7 Different Aquatic Exercises for Lap Pools

20 March

Swimming is a low impact sport enjoyed by people of all ages. Pool exercise burns calories, boosts metabolism and firms up every muscle of your body without putting stress on your joints. With a simple, regular workout in the pool, you can improve your health and strengthen your body.
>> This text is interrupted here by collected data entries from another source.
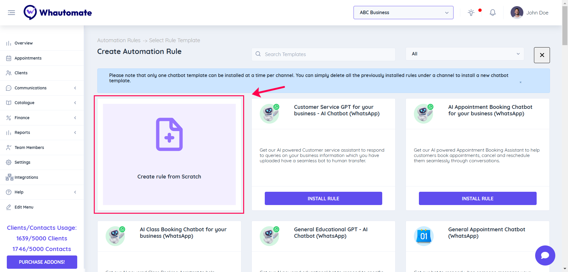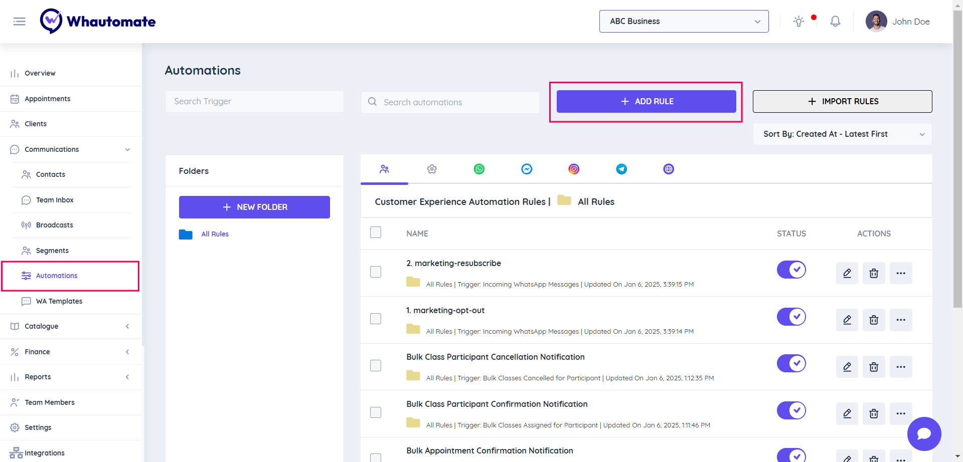 Go to the Whautomate app then click the Automation menu and select the Add Rule button as shown below picture 👇
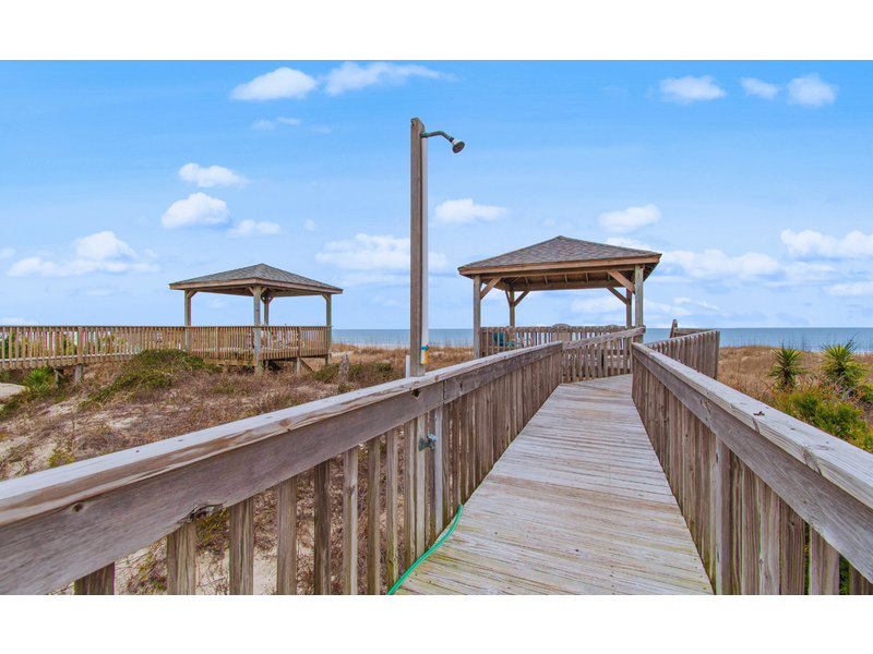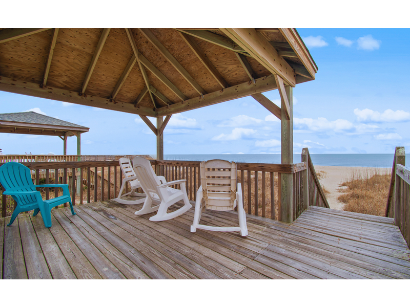 - Deck access with rocking chairs and private beach access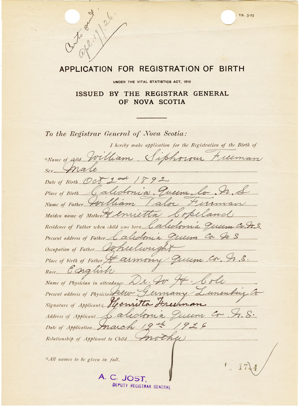 Nova Scotia Archives — https://archives.novascotia.ca/vital-statistics/birth/?ID=461015

If you have a lap pool, you can start pool exercises in the comfort of your own home. Here are seven simple aquatic exercises you may want to try in your lap pool:

Pool Pushups

Facing one end of the pool, rest your hands on the edge and let your body float on the water. Keep your elbows close to your side and stretch your legs out as far as you can. Use your arms to thrust your body to and from the pool of the edge while remaining in a stretched position. This exercise lets you work on your triceps without straining your elbows and back.

Water Jogging

Running through deep water is an excellent exercise for your calves, thighs and core. Start jogging in a shallow area of your pool until you reach the deeper parts. The deeper the water, the harder it will be to run. You can also wear a deep water flotation belt if you want to do water jogging without touching the pool floor.

 The Spiderman

Face the pool wall with your head above water.

Once you’re in position, bend your legs slightly and start running on the wall, using your arms to keep your body stable. The challenge in this exercise lies in using your arms to keep you from floating away from the edge of the pool.

Scissor Kicks

Spread your arms, lay back and hold on to the edge of the pool. Open your legs into a V shape and then bring them quickly together with one ankle on top of the other. Do the same movement but with your other ankle on top without sinking both our legs. Repeat this exercise. This fun workout engages your core, quads and gluts.

Otter Roll

Grab a medium-sized beach ball, pull it to your chest and lay on top of it so you are facing the floor of the pool. Then twist your body to one side until you roll around. Hold your breath and do three complete turns then inhale again before doing another set. The Otter Roll is a great exercise for your hips and thigh muscles.

Frog Jump

Stand in the middle of a pool and rest your hands on your hips. Mimicking a common ballet pose, put your heels together with your knees bent outward. Then jump as high as you can out of the water, returning to your original position as you land. This workout helps burn fats on your inner thighs, abdomen and glut area.

Flutter Kick

Hold on to the edge of the pool, stretching out your arms and legs. If you have a paddle/kick board, rest on it for support. Start kicking your legs rapidly behind you while keeping them underwater. Focus on achieving faster moments, not higher kicks.